Bruno Basso, an MSU Foundation Professor in the departments of Earth and Environmental Sciences, Plant, Soil and Microbial Sciences, and the W.K. Kellogg Biological Station, led the team. Rafael Martinez-Feria, a postdoctoral researcher in Basso's laboratory, and Seungdo Kim, an associate research professor in the MSU College of Engineering, were also involved.

Updated on: 25 March, 2022 7:44 PM IST By: Shivam Dwivedi
Biofuel Crops

A new study from Michigan State University explains how switchgrass, a biofuel crop, can help mitigate the effects of climate change when grown on marginal land, or low-value agricultural land. It may also provide economic returns in these otherwise unproductive spaces for farmers.

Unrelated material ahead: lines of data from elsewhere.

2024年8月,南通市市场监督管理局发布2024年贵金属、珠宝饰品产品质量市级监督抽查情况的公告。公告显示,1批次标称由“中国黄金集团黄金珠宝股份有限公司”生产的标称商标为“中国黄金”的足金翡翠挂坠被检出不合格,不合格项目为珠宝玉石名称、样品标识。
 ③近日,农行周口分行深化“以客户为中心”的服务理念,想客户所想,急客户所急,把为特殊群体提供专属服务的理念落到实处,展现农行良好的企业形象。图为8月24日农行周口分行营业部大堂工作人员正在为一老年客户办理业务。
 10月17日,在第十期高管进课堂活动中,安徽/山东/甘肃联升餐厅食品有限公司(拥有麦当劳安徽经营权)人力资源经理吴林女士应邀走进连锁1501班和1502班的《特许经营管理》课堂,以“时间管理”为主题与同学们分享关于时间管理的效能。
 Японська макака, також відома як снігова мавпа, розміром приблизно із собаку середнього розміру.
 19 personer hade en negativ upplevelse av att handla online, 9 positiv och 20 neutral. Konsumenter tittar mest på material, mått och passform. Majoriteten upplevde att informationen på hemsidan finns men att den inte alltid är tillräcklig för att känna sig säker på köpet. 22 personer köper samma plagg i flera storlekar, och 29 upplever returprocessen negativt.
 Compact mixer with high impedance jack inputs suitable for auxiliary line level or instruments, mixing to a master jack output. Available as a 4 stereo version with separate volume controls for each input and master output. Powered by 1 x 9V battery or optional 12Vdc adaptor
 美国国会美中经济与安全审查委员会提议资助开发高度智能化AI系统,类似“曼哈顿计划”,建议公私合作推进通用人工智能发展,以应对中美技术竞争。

The findings were published in the journal Environmental Research Letters.

Findings of Study:

Bruno Basso, an MSU Foundation Professor in the departments of Earth and Environmental Sciences, Plant, Soil and Microbial Sciences, and the W.K. Kellogg Biological Station, led the team. Rafael Martinez-Feria, a postdoctoral researcher in Basso's laboratory, and Seungdo Kim, an associate research professor in the MSU College of Engineering, were also involved.

Renewable energy is a hotly debated topic all over the world. Climate scientists warn of disastrous consequences if fossil fuels continue to be the primary energy source in the future. Furthermore, countries such as the United States are grappling with the ethical and financial ramifications of relying on foreign oil.

Lignocellulosic biofuels, which are made from plant biomass, are one of the few current renewable energy sources with the potential to be used as a vehicle fuel alternative. However, simply planting more biofuel crops like switchgrass will not solve the problem of fossil fuels.

"Growing enough biofuel crops to use on a large scale in the transportation sector would necessitate massive land-use changes," Basso said. "This is a multi-layered problem. There are concerns about food security if land previously used for food crops is converted to biofuel crops. There are also concerns about greenhouse gas emissions if land that is not currently used for agriculture, such as wildlife habitat, is taken over by crop production systems."

The problem is exacerbated when farmers consider what to do with marginal, underutilized land. With rising input costs, there is frequently little to no benefit to planting in these areas. If growers do decide to plant, environmental concerns abound, as these fields are frequently nitrogen-deficient and may necessitate heavy fertilizer use.

"In order to persuade farmers to change their behaviour, the change must first and foremost make economic sense to them," Basso explained. "Our goal was to see if marginal lands could be profitable while also being environmentally conscious, which would be a win for everyone involved."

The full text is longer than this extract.